“你瘋了!我還能是誰!媽的,快給老子鬆開,你腦子是不是進了水發,發麵兒了變饅頭啦!”
此時耳輪中就聽“唔”的一聲,一悶棍子狠狠地打在了我的後背上,立時真是火辣辣的一股鑽心的疼。我心道不好,看樣子這個死豬肉是要動真格的了。
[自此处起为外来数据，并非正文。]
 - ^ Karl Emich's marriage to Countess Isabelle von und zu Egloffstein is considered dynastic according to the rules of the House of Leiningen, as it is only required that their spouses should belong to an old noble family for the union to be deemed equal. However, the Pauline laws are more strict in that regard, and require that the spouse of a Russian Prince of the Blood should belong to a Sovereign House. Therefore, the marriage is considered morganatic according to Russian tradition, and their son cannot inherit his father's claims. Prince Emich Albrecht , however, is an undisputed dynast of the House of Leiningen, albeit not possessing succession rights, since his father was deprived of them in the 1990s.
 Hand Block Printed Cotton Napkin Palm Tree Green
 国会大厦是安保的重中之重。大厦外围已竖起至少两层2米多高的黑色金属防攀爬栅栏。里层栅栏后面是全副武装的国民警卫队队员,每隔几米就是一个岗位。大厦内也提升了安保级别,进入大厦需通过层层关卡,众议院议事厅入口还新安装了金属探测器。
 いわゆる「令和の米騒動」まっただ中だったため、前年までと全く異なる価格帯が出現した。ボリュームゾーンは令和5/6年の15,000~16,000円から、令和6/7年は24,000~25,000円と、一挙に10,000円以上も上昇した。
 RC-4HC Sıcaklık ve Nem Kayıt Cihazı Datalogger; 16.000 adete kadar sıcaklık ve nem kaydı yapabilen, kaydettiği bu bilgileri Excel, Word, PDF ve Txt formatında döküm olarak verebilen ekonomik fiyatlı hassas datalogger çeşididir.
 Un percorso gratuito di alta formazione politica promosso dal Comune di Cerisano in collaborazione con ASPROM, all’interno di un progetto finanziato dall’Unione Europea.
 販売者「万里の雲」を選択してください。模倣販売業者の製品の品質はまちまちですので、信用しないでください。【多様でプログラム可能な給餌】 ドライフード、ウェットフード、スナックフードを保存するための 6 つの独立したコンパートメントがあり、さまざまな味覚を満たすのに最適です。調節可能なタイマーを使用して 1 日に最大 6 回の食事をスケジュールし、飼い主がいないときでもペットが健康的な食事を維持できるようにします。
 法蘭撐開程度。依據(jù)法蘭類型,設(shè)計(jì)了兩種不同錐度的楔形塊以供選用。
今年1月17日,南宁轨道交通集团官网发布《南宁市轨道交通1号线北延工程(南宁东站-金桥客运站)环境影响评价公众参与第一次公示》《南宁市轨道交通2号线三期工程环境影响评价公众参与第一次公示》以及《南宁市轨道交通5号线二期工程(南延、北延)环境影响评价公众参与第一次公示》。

我罵道:“你他媽的,中了邪了,還是豬油蒙了你個野豬心了,幾十年親如手足的交情,就這麽真下死手啊!”
“少他媽廢話,老子現在心急火燎的,你說,你到底是誰?老子的兄弟你們也敢弄,你們這些王八蛋的到底把湯維商怎麽了?”豬肉鬆語氣已經變得十分的冷酷。
我知道這頭野豬急眼的時候是什麽都能幹的出來的。於是拚命的先讓自己冷靜下來,感覺這裏麵必然有事,必須要說明白,於是道:“媽的,有事你就說清楚,到底怎麽了。如果哪塊兒對不上,我認打、認殺!”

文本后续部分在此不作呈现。